The book is somewhat technical, but a casual reader can get through it. The text is 134 pages and the appendices, packed with statistics and tables, are another 60 pages. Endnotes, which contain a lot of detail, are about 20 pages. There's an extensive bibliography.
Given how passionate people are on the subject, I was surprised that there aren't many books available to the casual reader on the costs of gun violence. This was the only one I could find in my large library system. The book is already 15 years out of date.

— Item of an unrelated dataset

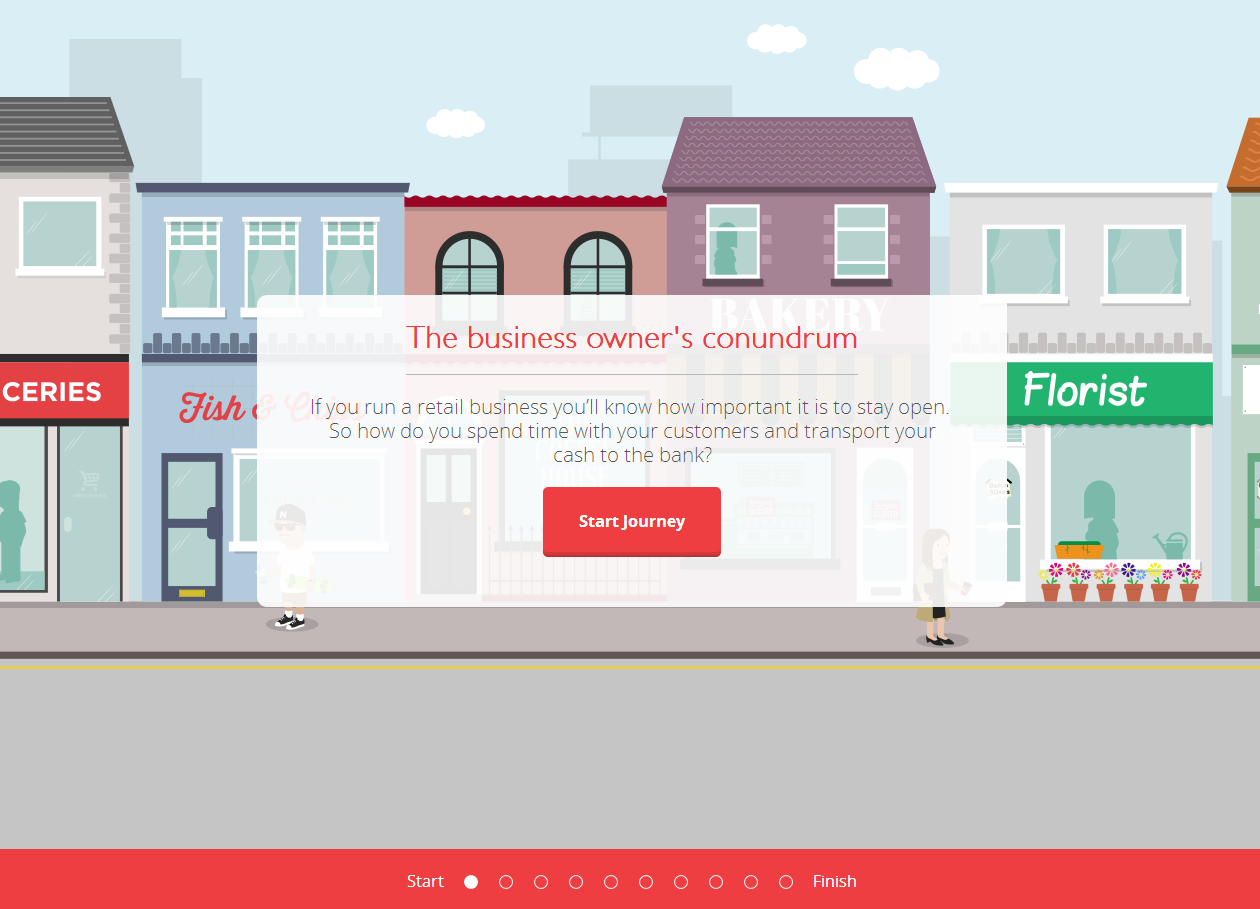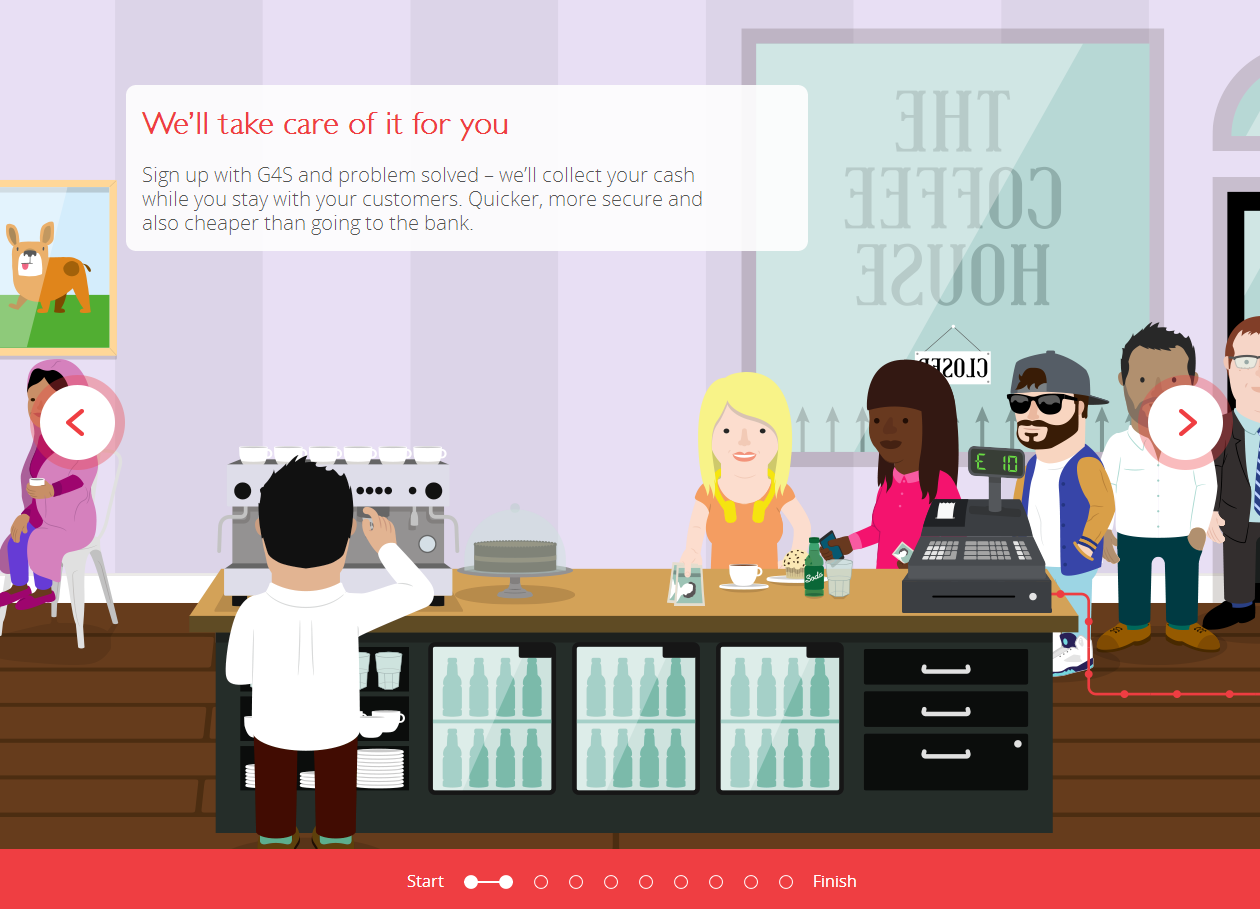 I worked with Skylark Creative to build a cross-device story-style animation in HTML5, to show how G4S's cash collection service represents good value for money for the small business.

Interesting quantitative assessment of the cost of gun violence. The building blocks of the authors’ assessment is a deep dive into the actual impacts of gun violence based on a willingness to pay framework relating to harm avoidance. Without going into detail, the authors estimate that gun violence results in harm of approx $150 billion per year (taking their estimate and adjusting for inflation) based on 1993 and 1997 crime statistics. Most of the valuation comes from an contingent valuation assessment based on survey results which asks people how much they’d be willing to pay for a 30 percent reduction in gun violence.
The authors illuminate what I’d call several uncomfortable facts. Those that suffer gun violence often have a lower subjective value assigned to their own life which and so the true costs of violence are in the externality - the fear, avoidance, and trepidation people approach life due to prospect of gun violence. Actual gun violence is concentrated in the unemployed, those with less than a HS education, the young, and minority populations*. These are groups with less access to political pressure points that can advocate, or even have the willingness to advocate for, policies which may reduce gun violence.
Id say exploration of the cost side is worthwhile portion of book but policies to address falls short. More hand waving and back of the envelope calculations replace what was rigorous derivation of costs. Overall, recommended book.
*In 1996, the firearm homicide victimization rate for black males 18-29 was a staggering 133.5 per 100,000!